Она хохотала, как безумная, глядя на мое лицо.
- Почему еще вчера, сразу, ты не увидела всего этого?!
- Не могла же я открывать шкафы и смотреть, что в них.
- А что ты могла?! Могла с Веркой пить водку и закусывать мантами?! Может, плохо закусывала?! А когда картину оставляла, с начальной ценой в пятьдесят пять тысяч крон, зная, что Петра цыган впустит, целый табор, вообще не закусывала?!
- Я вообще не пью, Люся, - пискнула я.
- А что ты тогда делаешь?!
- Ну, Люся, ну не могло же мне в ум придти, что кто-то просто так возьмет и снимет картину со стены! Это же воровство!! А картину нельзя украсть.

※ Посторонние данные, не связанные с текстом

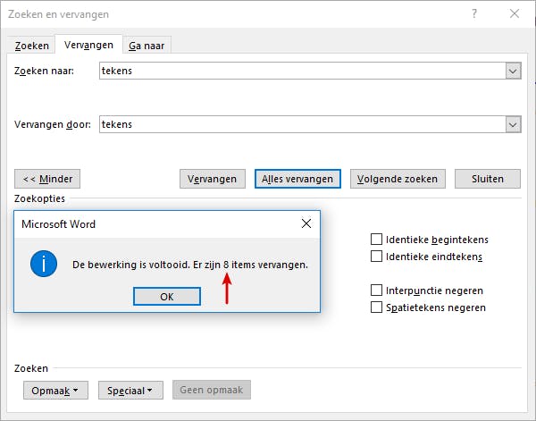 De zoek- en vervangfunctie laat zich ook op een wat creatievere manier inzetten. Je kunt hem bijvoorbeeld gebruiken om uit te vissen hoeveel keer een bepaald woord in je document voorkomt. Zowel bij Zoeken naar als bij Vervangen door vul je dan het betreffende woord in en zodra je op Alles vervangen drukt verneem je het aantal ‘vervangingen.

- Это кто же тебе сказал такое?!
- Это я сама знаю. Картину можно или купить или получить в подарок. С краденой картиной ты нигде не можешь выставиться. А картины существуют для выставления.
- О-о, - сказала Люся, - Это ты у нас существуешь для «выставления». Я даже не знаю, где. На Староместкой площади, что ли, вместо Яна Гуса?! Я еще таких дур, как ты, в своей жизни не встречала.
Она мне за два следующих часа не дала выпить ни рюмки алкоголя, хотя у нее в баре и стоял коньяк. Вместо этого она все два часа поила меня чаем – вот этот с мелиссой, а этот с мятой, а этот вообще для успокоения нервов, - и все два часа пилила меня до поножовщины:
- Оставь квартиру в покое, не продавай ее за четыреста тысяч, ты уже и так потеряла тысяч сто, лучше брось курить, это уже три тысячи в месяц, брось пить, это уже пять тысяч, если не больше, Вот тебе и оплата Теплицкой квартиры! Ира, возьми себя в руки, я тебя в последний раз прошу.
- А еще лучше – скопить двадцать тысяч и в гроб лечь, - сказала мне Маришка по телефону, когда я убитая шла на автобус.
- Нынче уже двадцать пять, - уныло ответила я. Ах, разве может убитый отвечать уныло?! Все-то я сочиняю. Я отвечала как облако в штанах. И как облако в штанах разговаривала по телефону в автобусе с пани Петрой. Мимо проплывали горы, величественные, как киты, окруженные свитой холмов и загрустивших полей, они надсмехались надо мной и моими белоснежными размерами:
- Пани Ирино, они Ваши люстры забрали, потому что эти люстры были в коробках, и в суматохе они перепутали Ваши коробки со своими коробками, в общем, я люстры Ваши у них забрала, куда мне их теперь девать, если Вы ключей не оставили?
- Засуньте их себе в задницу, - сказала я, что подтверждает, что я была в штанах, и что живу я в Чехии, где все так говорят, - Мне плевать на Ваши люстры. Я хочу картину! Никольского!! И немедленно!!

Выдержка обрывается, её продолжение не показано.